By: Mike Lopresti
BEIJING — Back home in Iraq, where the athletes have died like everyone else, there are two running tracks Dana Abdul-Razak can use to make herself a sprinter. One requires ignoring the scars from the mortar shells. The other is two hours away.
This is the route a woman must take, dashing through a war to get to the Olympics.
Her official Olympic bio mentions that her coach and fiance sometimes have had to cut deals with Shiite militiamen and Sunni insurgents to get her to practice. Money for safety, in a place where life can be cheap.
It is a last resort to be able to run, and even then, sniper shells still occasionally whizzed by.
The Iraqi Olympic team coach was asked Monday if that is true. Mohammad Al-Hagami shrugged, admitted maybe there had been days like that. Just as there have been days, as he pointed maybe 20 yards away, "where bombs are there and we are here. We are not afraid from that."
What they do is pause a moment, and then get back to the speed work. Later, they might go shopping.
"This," he said, "is our life."
Scrape away the corporate sponsors and television rights, and the Olympics are still supposed to be about hope.
Here, for example, comes the team from Iraq.
The president of the Olympic Committee is a Kurd.
The chef de mission is Christian.
The woman in the 100-meter dash is Sunni.
The coach is Shiite.
That doesn't sound like an Olympic team. That sounds like a firefight on a Baghdad street. It's a small world, after all.
"Is he? I didn't know that," Tiras Anwaya said, of his coach being Shiite. "It means nothing to me."
So the Olympic team of Iraq stands for something, even if it was banned from these Games until 10 days before the Opening Ceremony because of a dispute with the IOC over Iraqi government interference.
Suits in high offices worked it out. Good thing. Is any nation more in need of an Olympic ideal transfusion?
"It was a full heart to be feeling," Al-Hagami said. "Sometimes, you are tearing when the flag goes up."
The New York Times reported nearly 100 athletes, coaches and sport officials have been killed in Iraq since the Athens Olympics of 2004. According to numerous reports, the head of the National Olympic Committee has been missing since 2006, and the deputy was killed in a bus station.
Two years ago, according to the Associated Press, two tennis players and a coach were gunned down, apparently for wearing shorts, after being warned in a pamphlet by Islamic extremists.
From this killing ground, Abdul-Razak has come to the Olympics. A picture online shows her working out. In long pants.

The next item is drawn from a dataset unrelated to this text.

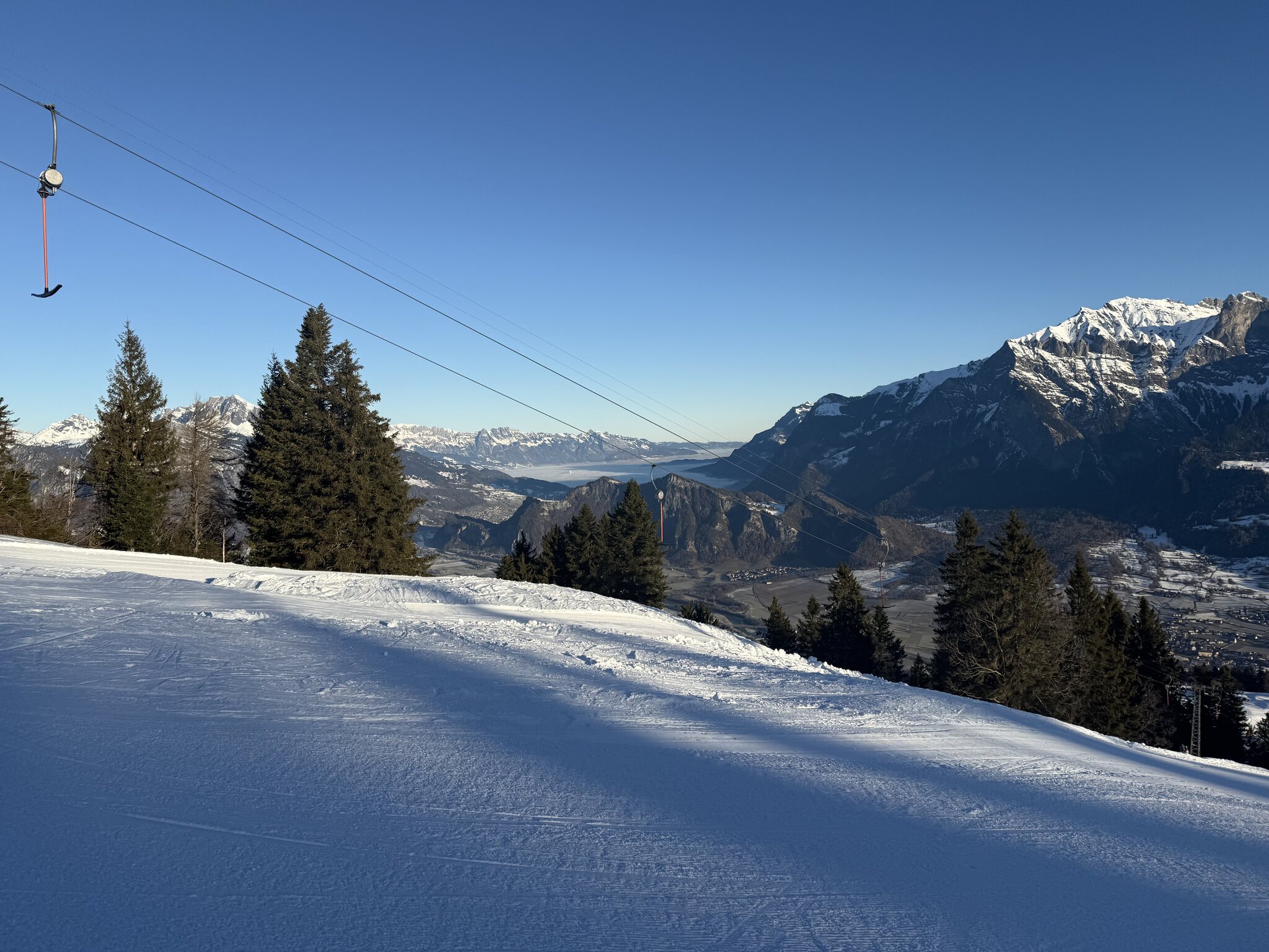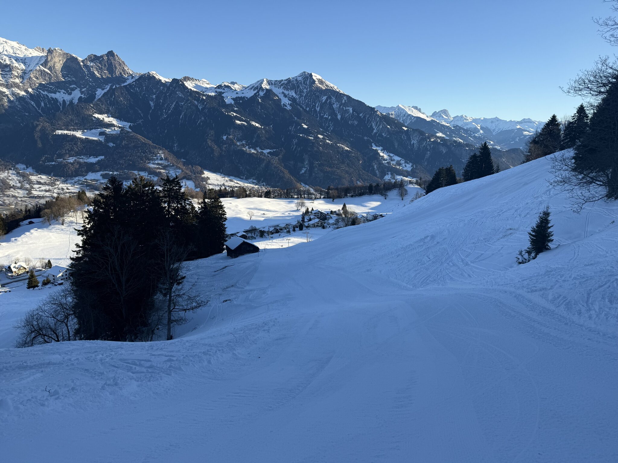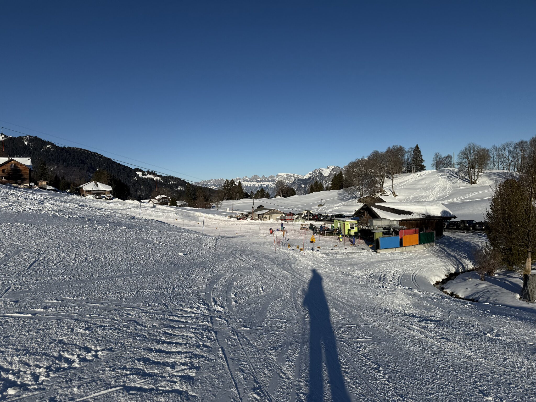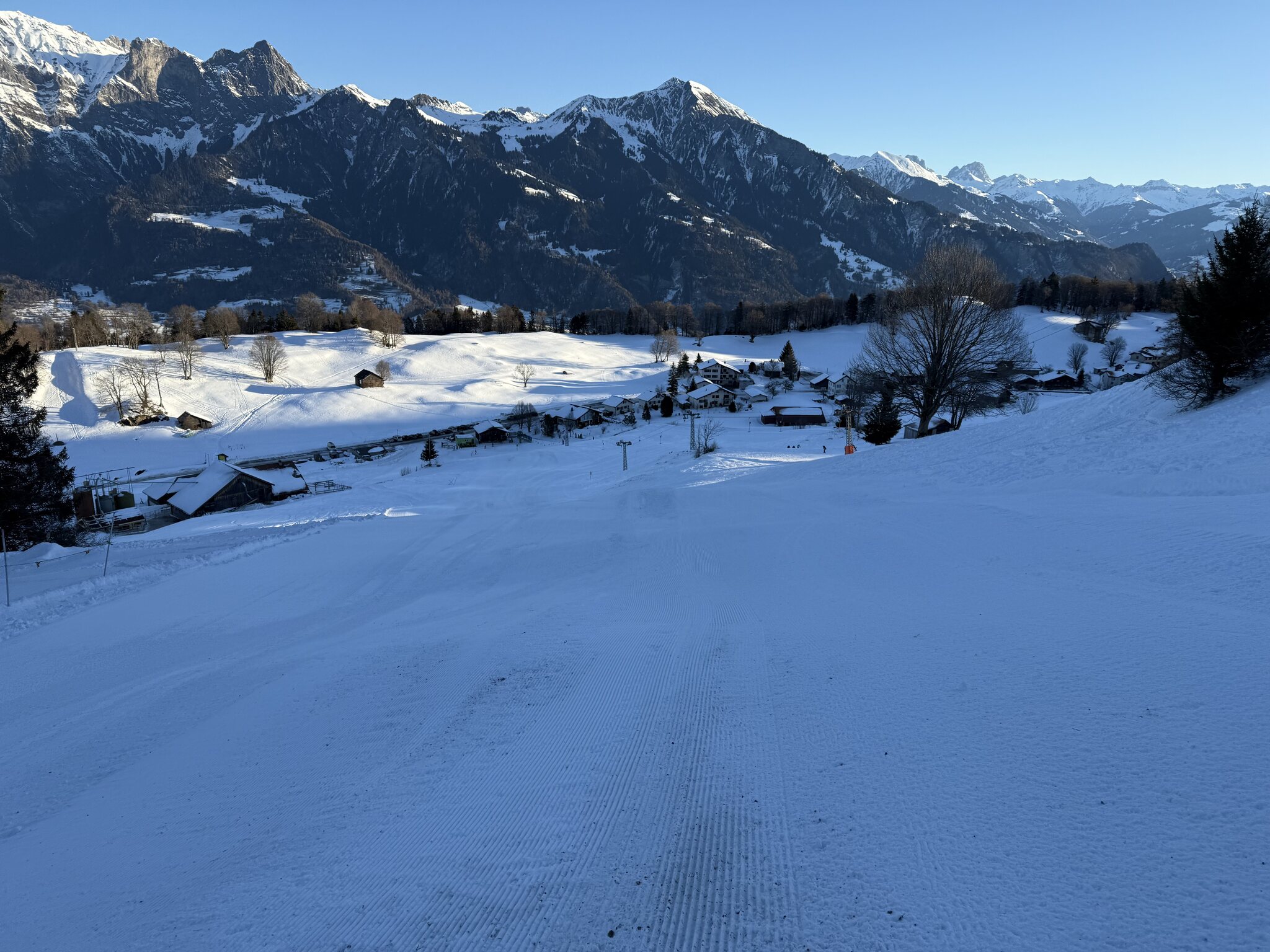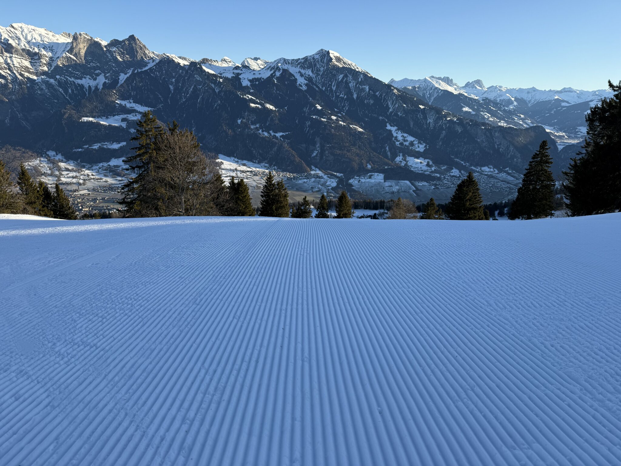 Die Pisten waren alle frisch präpariert, soweit es halt ging mit dem Naturschnee. Oben top, unten okay. Feindkontakt konnte gut vermieden werden. Was mir aufgefallen ist, ist die Breite der Pisten, einiges breiter als bei manchem grösseren Skigebieten.

"She is very courageous," Anwaya said. "She is a symbol."
The symbol Monday was wearing jeans, eight earrings, two necklaces and had a cell phone handy. She had little enthusiasm to be quoted because, according to a website called Islamonline.net, she has been threatened after past publicity.

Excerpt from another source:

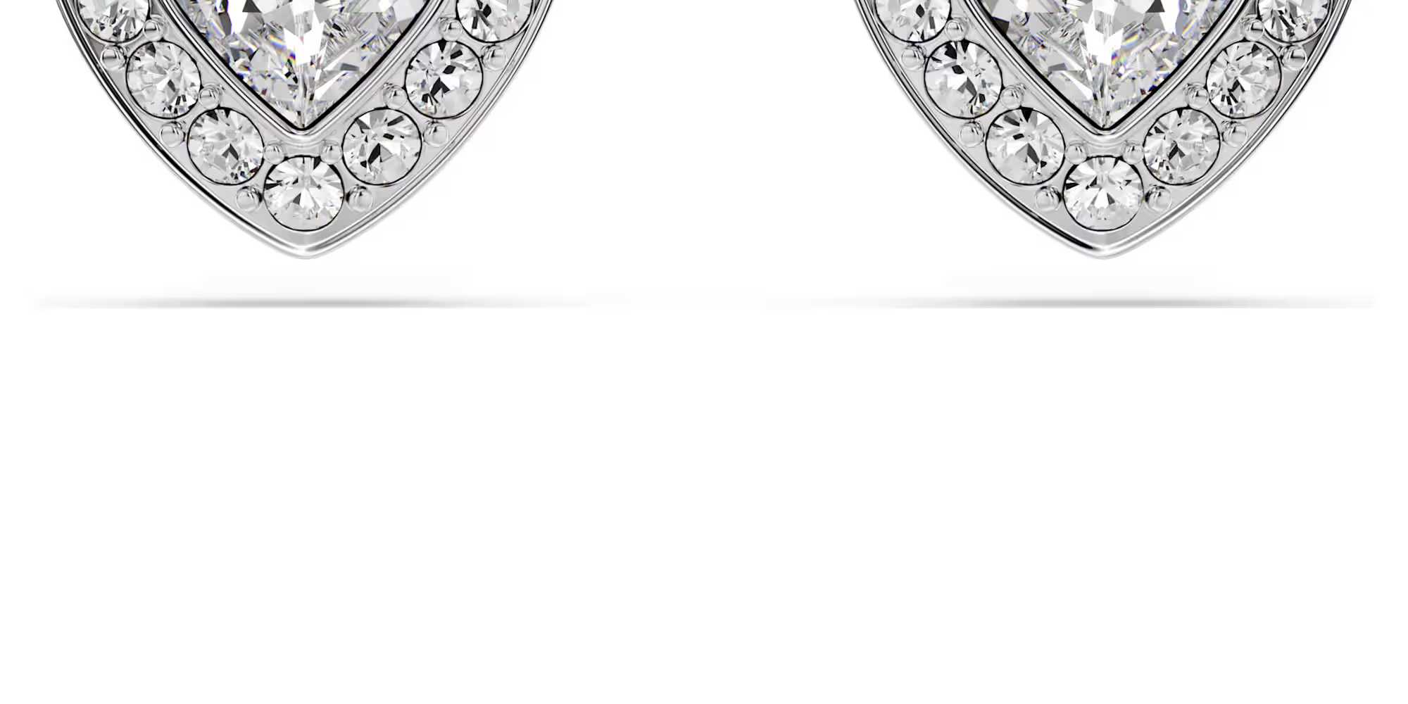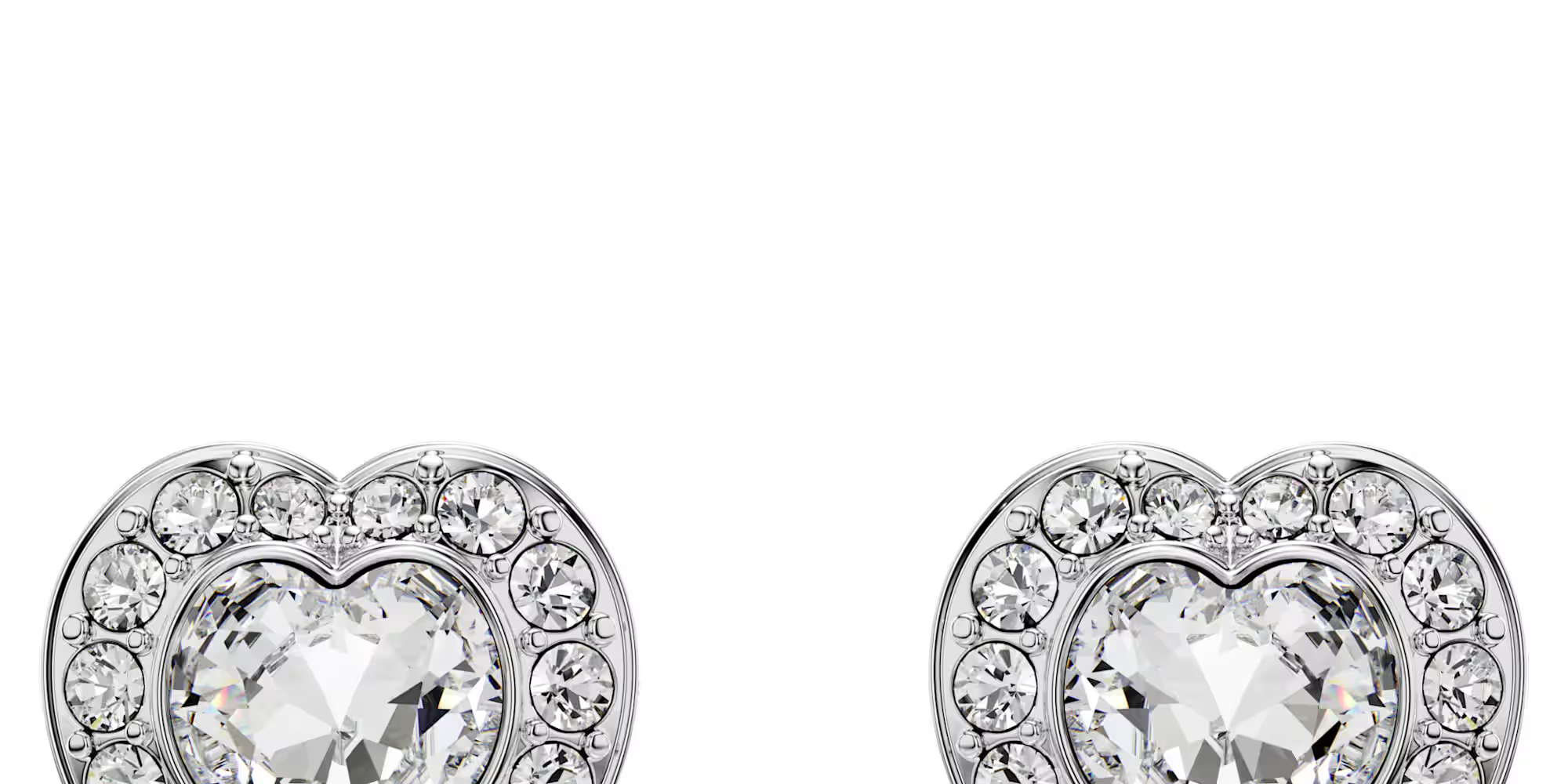 ふたつのハートがひとつになる、喜びに満ちたスワロフスキーのスタッドピアスのペアです。各ロジウムコーティングのピースは、ハート形のクリスタルをきらめくクリアパヴェのハローで縁取っています。おそろいのペンダントと合わせれば、輝く愛の贈り物になります。

No, she had nothing to say about what part the United States has played in her fate. "We do not need to talk about politics," she said through a translator.
Yes, she was unnerved initially when the bombs exploded near her. "The first time I was afraid, maybe 10 minutes, maybe 20 minutes. It was gone. No big deal."

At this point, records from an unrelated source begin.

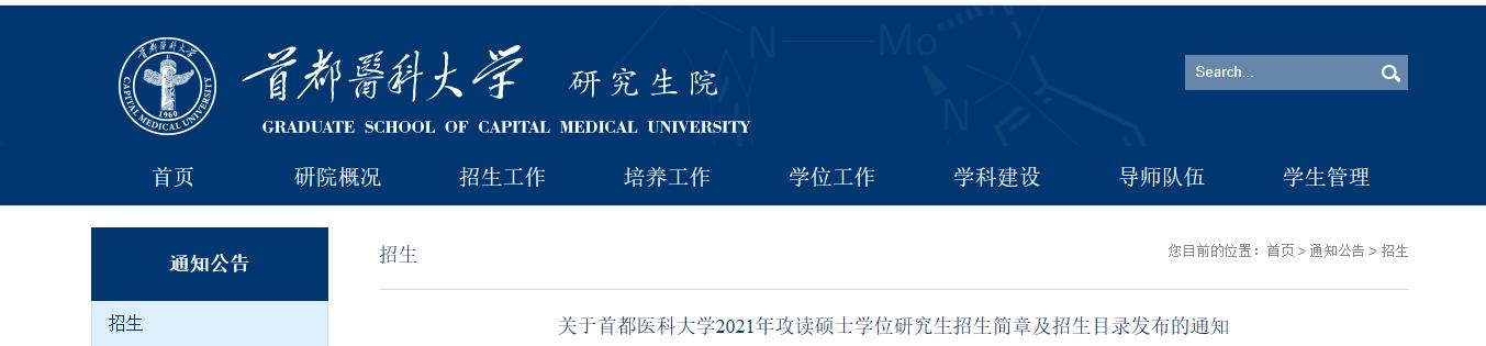原文標題:關于首都醫科大學2021年攻讀碩士學位研究生招生簡章及招生目錄發布的通知
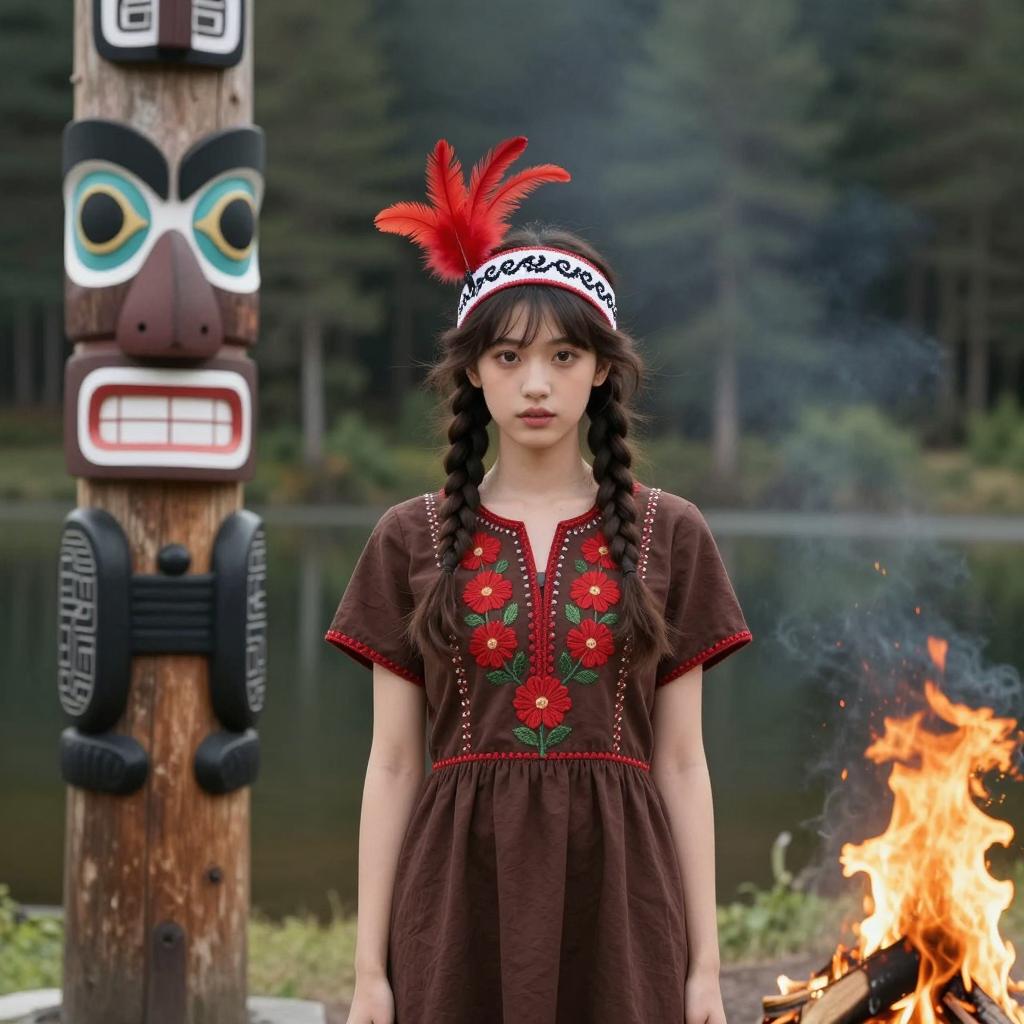 Girl with braided hair, brown dress, red floral embroidery, white headband with black design, stands near wooden totem pole. Fire burns on right. Forested lake background. Bright red feather in headband. Centered, facing camera.
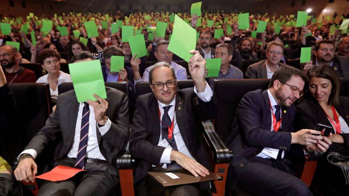 Miquel Pueyo, alcalde de Lleida, de ERC, condujo inicialmente el cónclave, que fue organizado por un grupo de dirigentes, entre los que figuran Elsa Artadi, concejal de Barcelona; la alcaldesa de Girona, Marta Madrenas, o Dolors Sabater, edil y exalcaldesa de Badalona. Con unas cartulinas verdes exhibidas a mano alzada, los asistentes aprobaron por unanimidad la constitución de la asamblea, el nombramiento de un grupo promotor y el posicionamiento político del órgano. Fue un documento de mínimos, con el rechazo a la sentencia, la amnistía para los presos y el regreso de los “exiliados”, la movilización popular, el diálogo con el Estado sin renunciar a la mediación internacional y a trabajar por la autodeterminación.

Chances are, she will not last past the first round of the 100 meters. But why talk track odds to a woman who has dodged sniper fire? Her race is a plea. Someday, this all has to end.
"She feels good for our people to watch her. Not Shiite, not Sunni. Our people," Al-Hagami said.
"And if she is good, for other people and other nations to make their eyes on our flag."
There must be fear, too. What does it a say, that a 22-year-old Olympic sprinter must worry that she is not faster than a speeding bullet?
She mentioned as much to Islamonline.net. "Now this dream could end any time, if for one second I lose my concentration and a bullet comes across my body fired by groups that don't really understand the importance of this."
Iraq, with only a handful of athletes here, wants a stronger Olympic team. "First of all," Anwaya said, "you need peace."
Which is why Abdul-Razak is different than many who will line up next to her Saturday.
Their triumph will be to finish a race. Hers is to start.
1 comment:
A sadness crept over me, once again. But at it's side was a feeling of pride - once again - for every courageous Iraqi...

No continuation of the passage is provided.